Ho già chiarito che il TMB non aprirà e non accetteremo nessun rifiuto, né da Roma e tantomeno quello dei paesi limitrofi al nostro, Guidonia Montecelio compresa, come qualche nostro avversario aveva supposto durante la campagna elettorale. I nostri progetti sui rifiuti sono al contrario quelli di incrementare la raccolta differenziata e rendere i rifiuti una fonte di guadagno. Imporremo a Manlio Cerroni di effettuare una vera  bonifica nella discarica dell’Inviolata. Con l’aiuto dell’amministrazione del Parco dei Monti Lucretili, cercheremo di rendere il Parco Archeologico dell’Inviolata, fruibile ai visitatori, valorizzando le sue bellezze naturali che possiede.

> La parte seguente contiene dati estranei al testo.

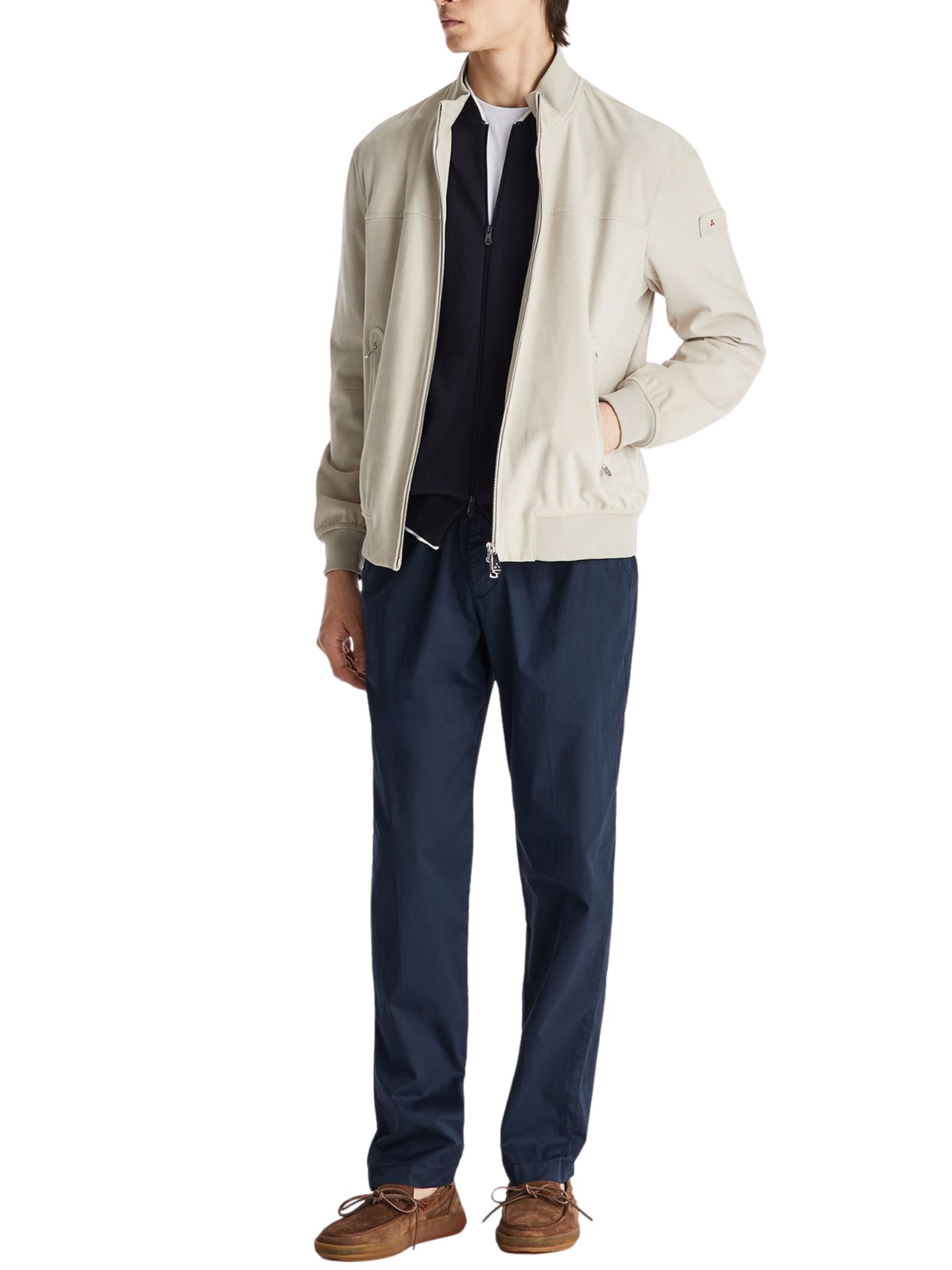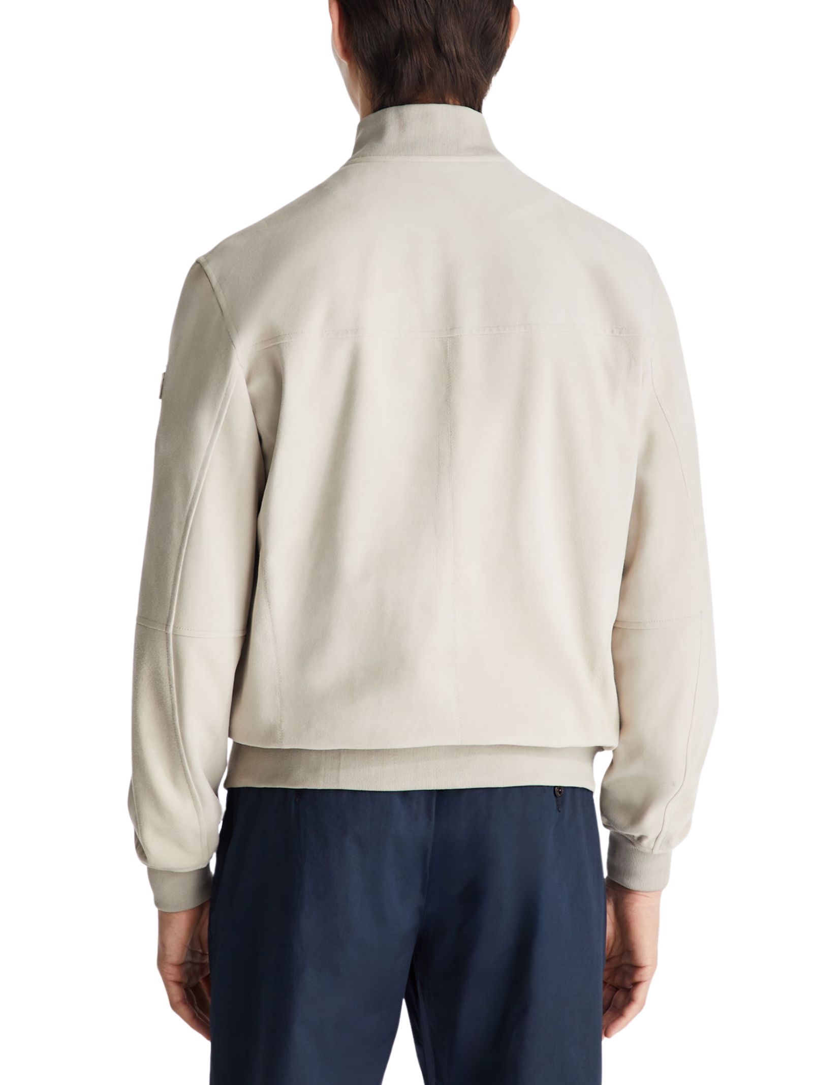 Giacca modello bomber in morbida pelle scamosciata, un classico intramontabile del guardaroba maschile. Il modello presenta collo in piedi, chiusura frontale con zip metallica a doppio cursore e tasche laterali con zip, unendo funzionalità ed eleganza. Fondo, polsini e collo in maglia elastica garantiscono comfort e vestibilità. Dal fit regolare, è un capo versatile che esprime stile raffinato e qualità artigianale. Composizione: 100% pelle.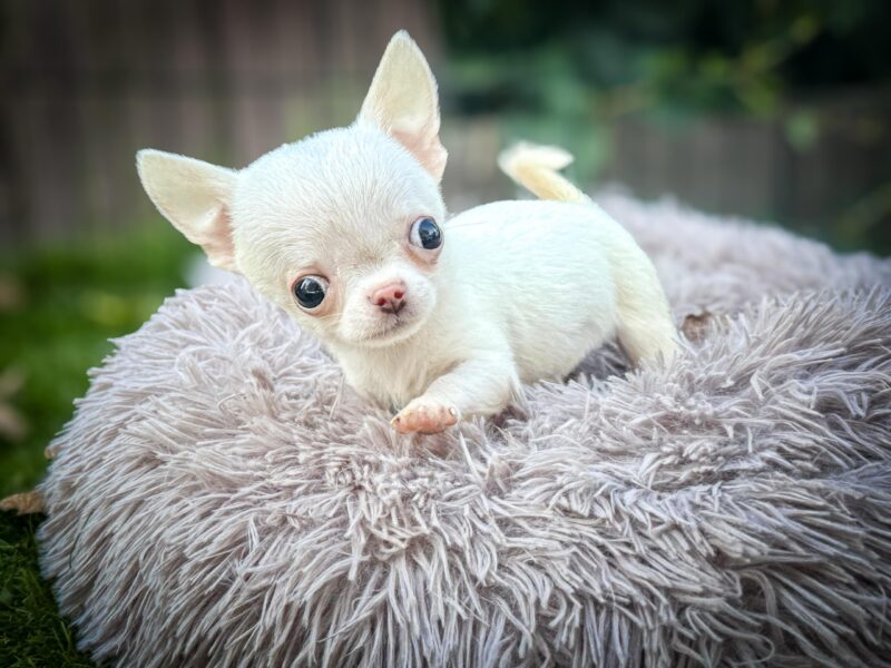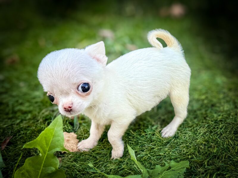 Wygląd: W typie chihuahua, biały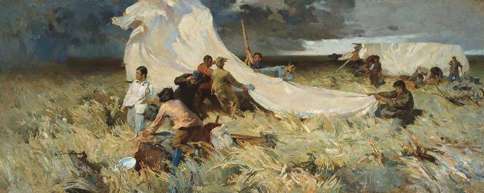 詹建俊《起家》 140×348cm,1957,布面油彩 ,伟德国际1946源于英国美术馆藏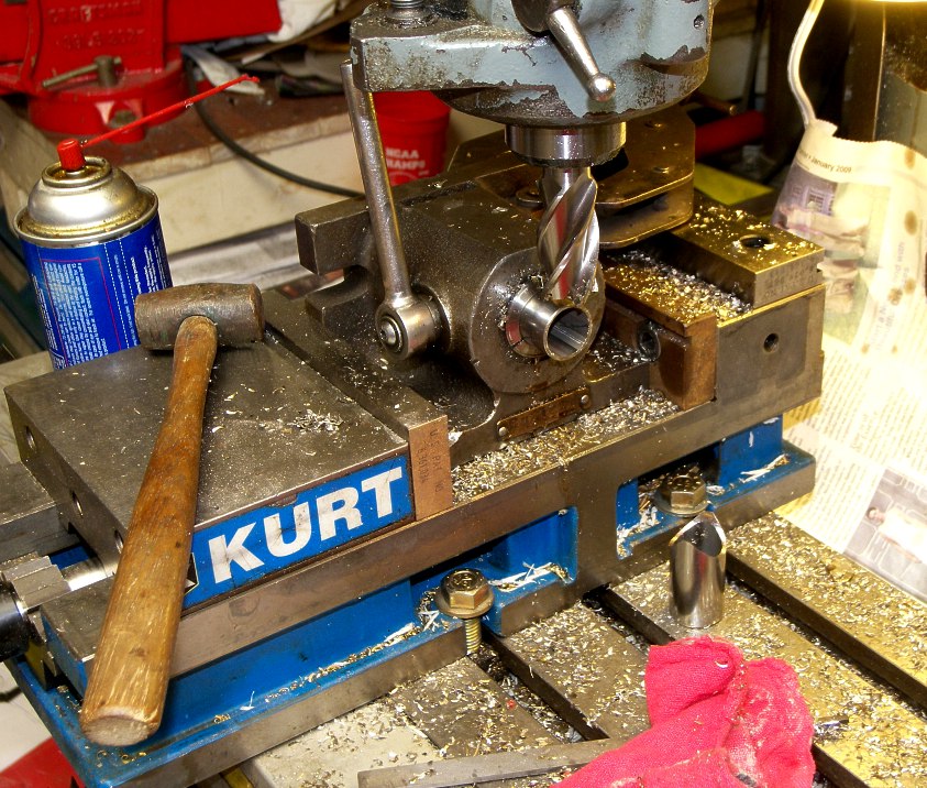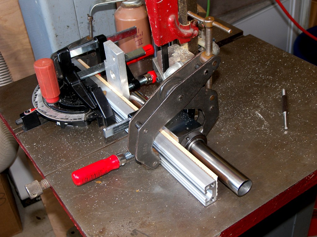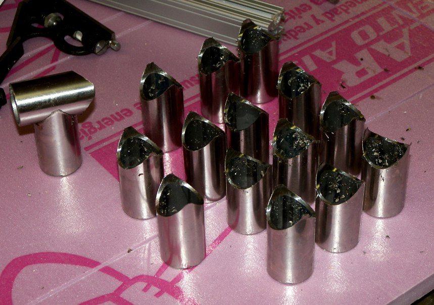 In my milling machine I used a 1" end mill to cut the saddle end that would hold the rail tube.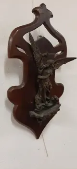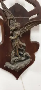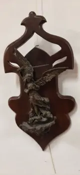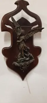 Bronzen stolp uit het begin van de 20e eeuw en stelt een Sint-Joris voor die een draak doodt. Dit bronzen gietstuk rust op een helder Art Nouveau houten paneel en heeft een haakje aan de achterkant om op te hangen. Ik denk dat de fusie is uitgevoerd met de kleitechniek en in een zeer goede staat verkeert, zonder gebreken of lijmen. Totale afmeting 42x21 cm.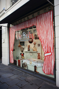 Algunos de los escaparates más eficaces combinan el tratamiento de las ventanas con el contenido del interior. Esta ventana de The Selby utiliza las cortinas impresas en el exterior de las ventanas para enmarcar el interior.

Dovremo risolvere in modo efficace anche il problema delle discariche abusive, esercitando un più efficace controllo su tutto il territorio con un pattugliamento più assiduo della Polizia Ambientale e l’installazione massiccia di sistemi di videosorveglianza.  Con noi gli incivili e gli  imbrattatori non avranno scampo, li combatteremo in tutti i modi possibili.

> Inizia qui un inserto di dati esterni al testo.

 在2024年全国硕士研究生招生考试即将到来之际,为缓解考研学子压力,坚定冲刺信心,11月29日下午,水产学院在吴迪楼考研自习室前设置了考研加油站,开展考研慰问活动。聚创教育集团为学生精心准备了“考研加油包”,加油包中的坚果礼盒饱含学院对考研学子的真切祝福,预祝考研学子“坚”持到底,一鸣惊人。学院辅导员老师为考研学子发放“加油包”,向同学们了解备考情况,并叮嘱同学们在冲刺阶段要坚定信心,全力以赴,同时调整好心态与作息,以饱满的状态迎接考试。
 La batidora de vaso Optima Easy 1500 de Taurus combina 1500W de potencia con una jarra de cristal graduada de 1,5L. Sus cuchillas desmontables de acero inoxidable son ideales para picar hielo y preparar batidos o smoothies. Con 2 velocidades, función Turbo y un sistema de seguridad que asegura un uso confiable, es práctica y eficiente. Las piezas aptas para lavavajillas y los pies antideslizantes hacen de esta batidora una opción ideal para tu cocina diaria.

Questi problemi che ho menzionato, non necessitano di grandi risorse, che purtroppo non abbiamo, ma di un’attenta ed oculata amministrazione del bene pubblico, combattendo gli sprechi e le ruberie. A quelli che fino ad adesso hanno avuto a che fare con il malaffare, il clientelismo politico con i compromessi e mazzette, diciamo che se andremo al governo della città, con noi non ci sarà trippa per gatti. Ai cittadini onesti diciamo di darci fiducia quando il prossimo 25 giugno andranno a votare per il ballottaggio. Chiediamo solo di darci il tempo per prendere in carico la situazione e non pretendere di poter risolvere immediatamente tutti i problemi che ci hanno lasciati in eredità.